Goal of the exercise =
Your task is to restate the listing word for word without the pictures.

Source material =
● ● ● ● ●

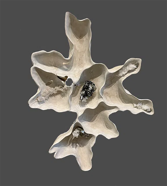 The bleached Teak wood of this piece is shaped like a star with its rays spreading out from the center in all directions. With those rays are minerals such as Pyrite and Arsenopyrite infinitely reflecting and refracting the light that it meets. This piece is representative of life, in all its joys, spreading out around the world.
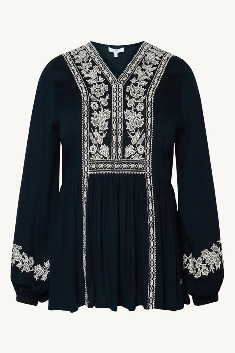 Clairen v-pääntiellä varustettu viskoosipaita, jossa on kirjailtuja yksityiskohtia. Paidassa on puhvimaiset hihat ja joustavat hihansuut.
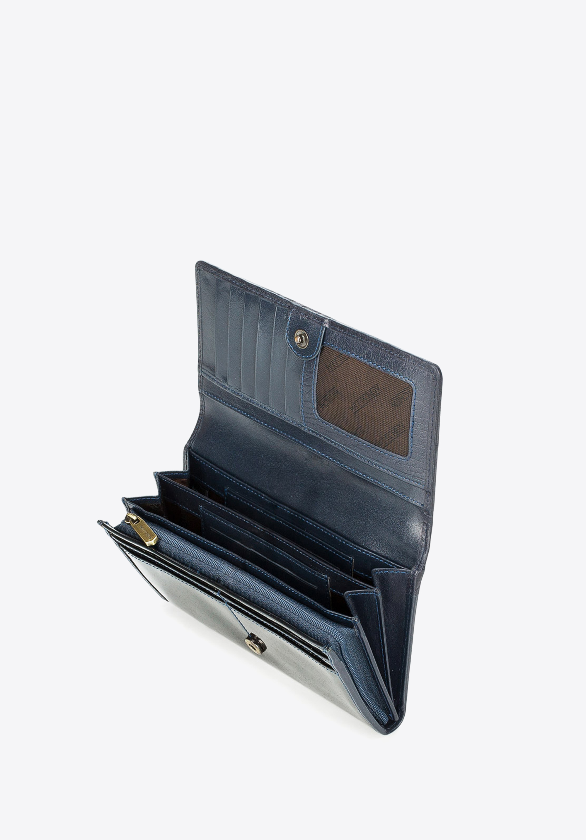 Duży portfel damski ze skóry lakierowanej to doskonały wybór do pracy i na podróże, gdy potrzebujesz maksymalnej organizacji w luksusowej oprawie. Lakierowana skóra, pojemne wnętrze na karty i dokumenty oraz ochrona RFID łączą efektowny wygląd z bezpieczeństwem i wygodą użytkowania.

● ● ● ● ●

Result of the task =
 The bleached Teak wood of this piece is shaped like a star with its rays spreading out from the center in all directions. With those rays are minerals such as Pyrite and Arsenopyrite infinitely reflecting and refracting the light that it meets. This piece is representative of life, in all its joys, spreading out around the world.
 Clairen v-pääntiellä varustettu viskoosipaita, jossa on kirjailtuja yksityiskohtia. Paidassa on puhvimaiset hihat ja joustavat hihansuut.
 Duży portfel damski ze skóry lakierowanej to doskonały wybór do pracy i na podróże, gdy potrzebujesz maksymalnej organizacji w luksusowej oprawie. Lakierowana skóra, pojemne wnętrze na karty i dokumenty oraz ochrona RFID łączą efektowny wygląd z bezpieczeństwem i wygodą użytkowania.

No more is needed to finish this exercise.